[[ GIVEN DATA, beginning ]]

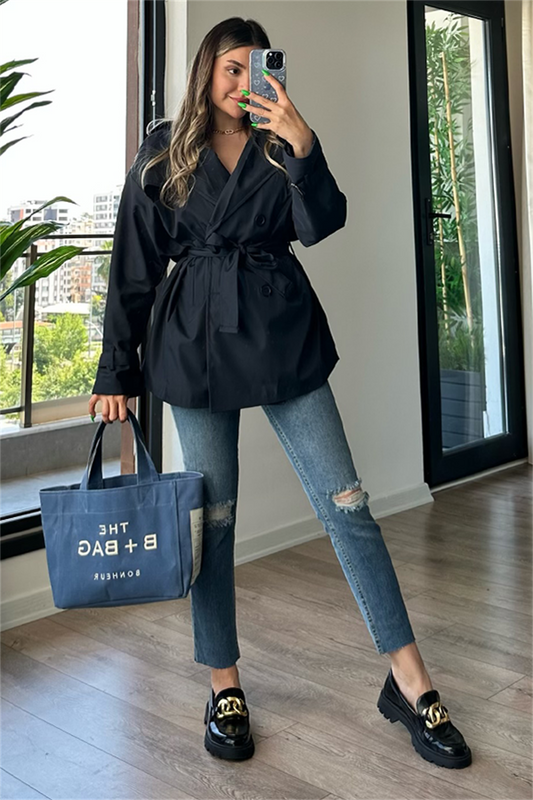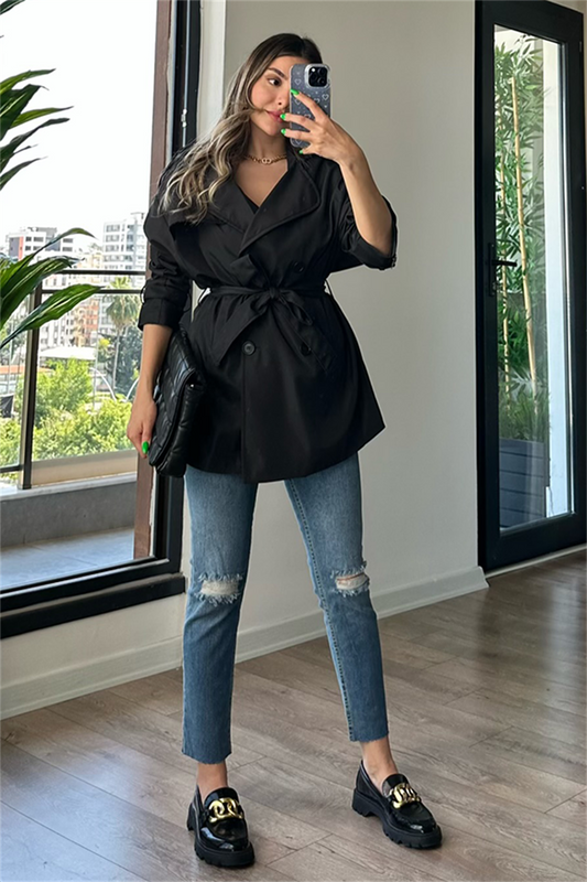 3 AL 2 ÖDELarry bel kuşak detaylı trençkot - Siyah
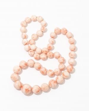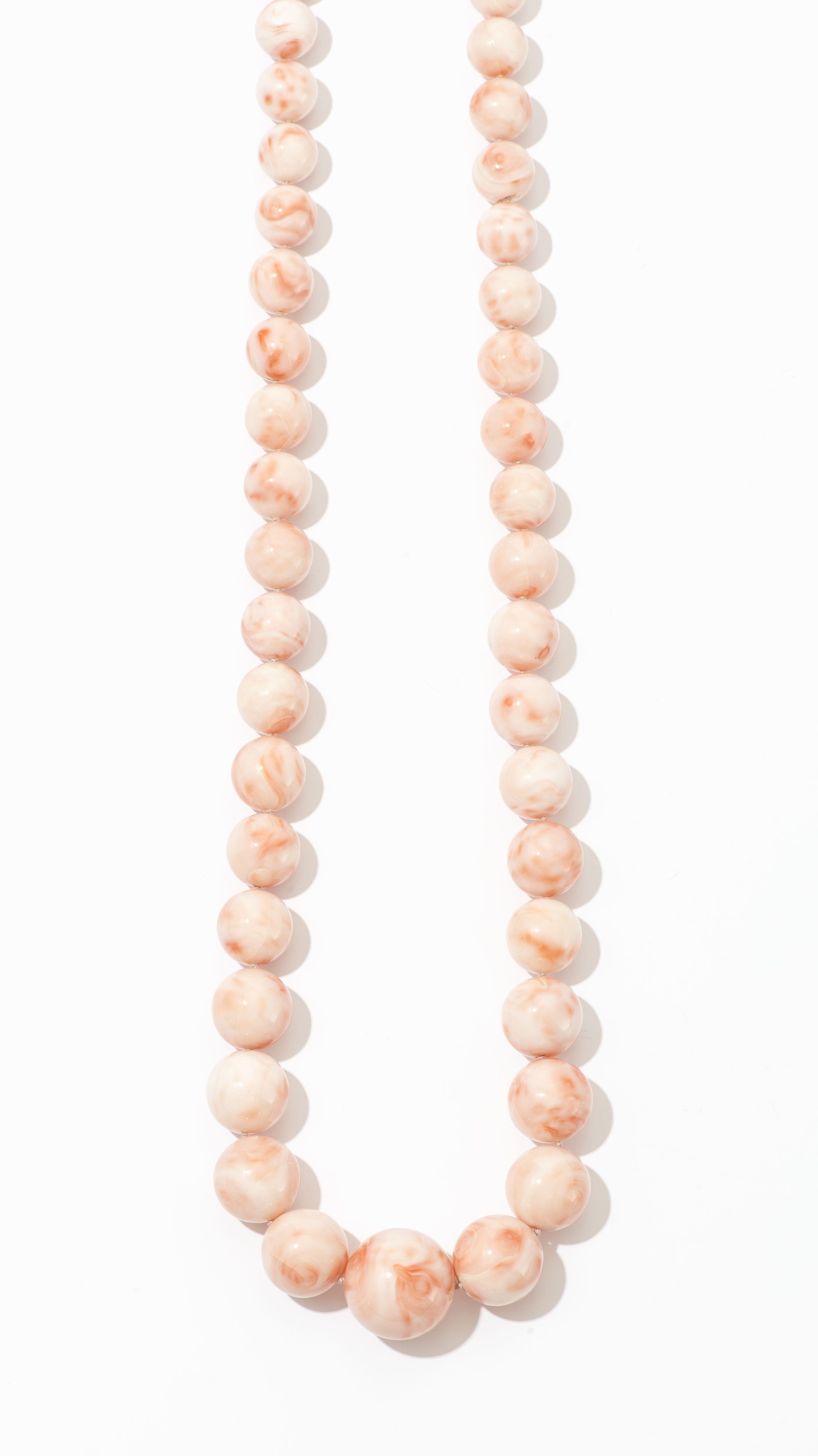 84. Sautoir de boules de jade rose et de quartz rose alternées de bo...
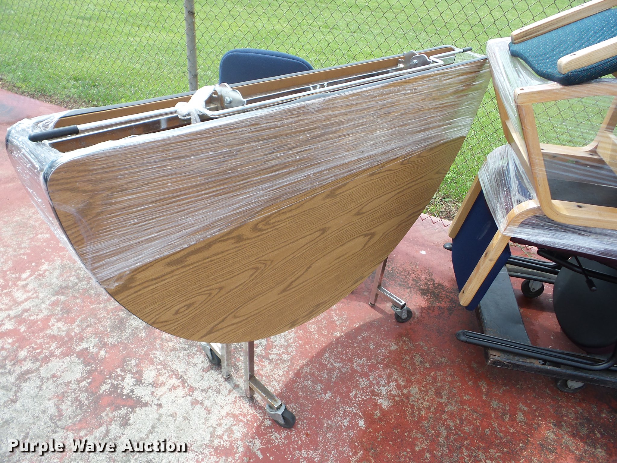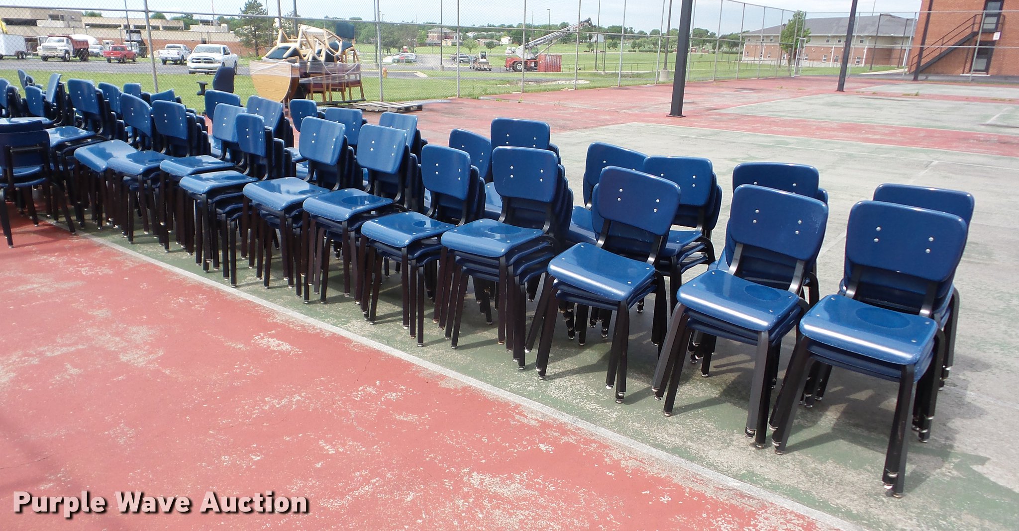 Purple Wave is selling a used Furniture in Kansas. This item is a Furniture with the following: Approx. 260 slope back chairs, Approx. 55 straight back chairs, Approx. 80 padded chairs, Approx. 114 lunchroom chairs, Approx. 10 wood chairs, Round table, Approx. 43 rectangular tables, Some chairs may have water damage
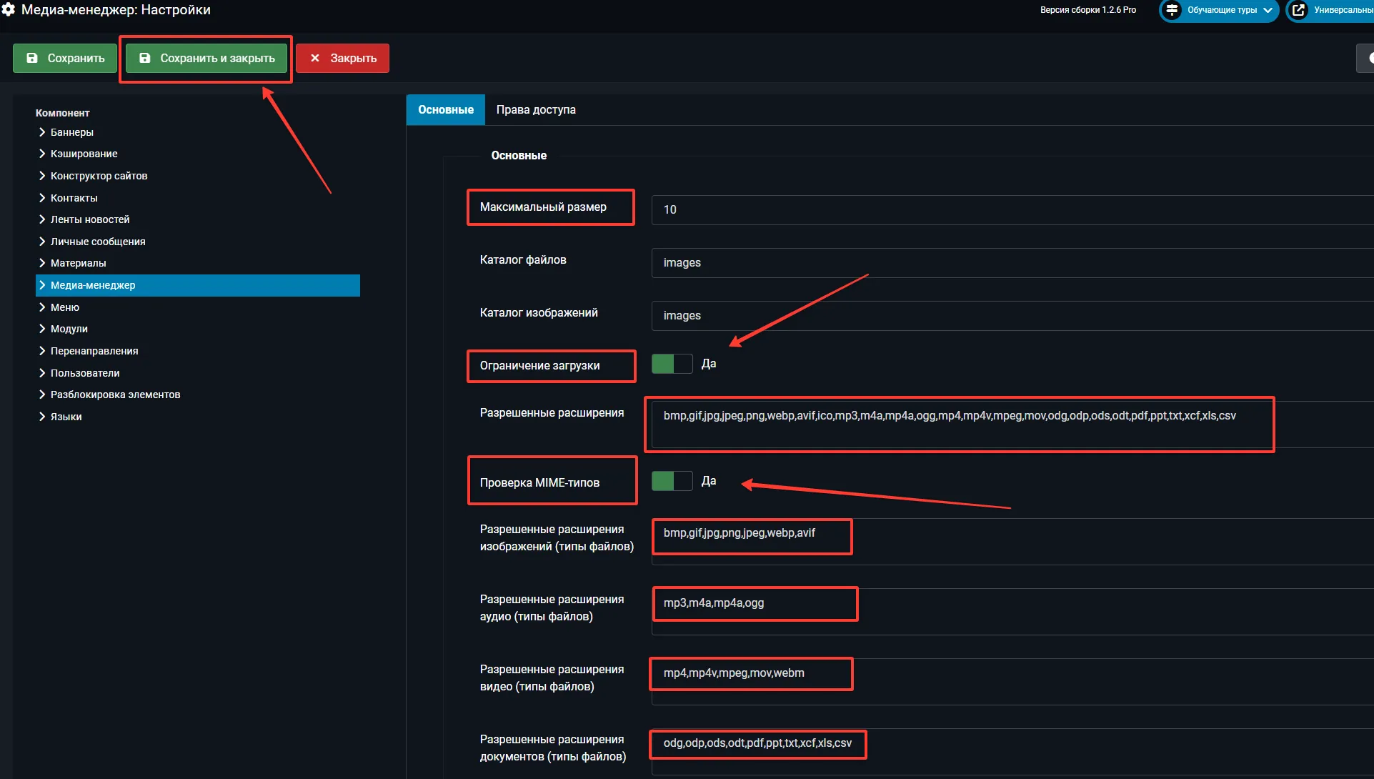 Настройте параметры под ваши нужды и нажмите "Сохранить и закрыть"

[[ GIVEN DATA, end ]]

▶ **REQUIRED ACTION**:
Transcribe the whole of the data exactly, minus any pictures.

▶ **SOLVED EXERCISE**:
 3 AL 2 ÖDELarry bel kuşak detaylı trençkot - Siyah
 84. Sautoir de boules de jade rose et de quartz rose alternées de bo...
 Purple Wave is selling a used Furniture in Kansas. This item is a Furniture with the following: Approx. 260 slope back chairs, Approx. 55 straight back chairs, Approx. 80 padded chairs, Approx. 114 lunchroom chairs, Approx. 10 wood chairs, Round table, Approx. 43 rectangular tables, Some chairs may have water damage
 Настройте параметры под ваши нужды и нажмите "Сохранить и закрыть"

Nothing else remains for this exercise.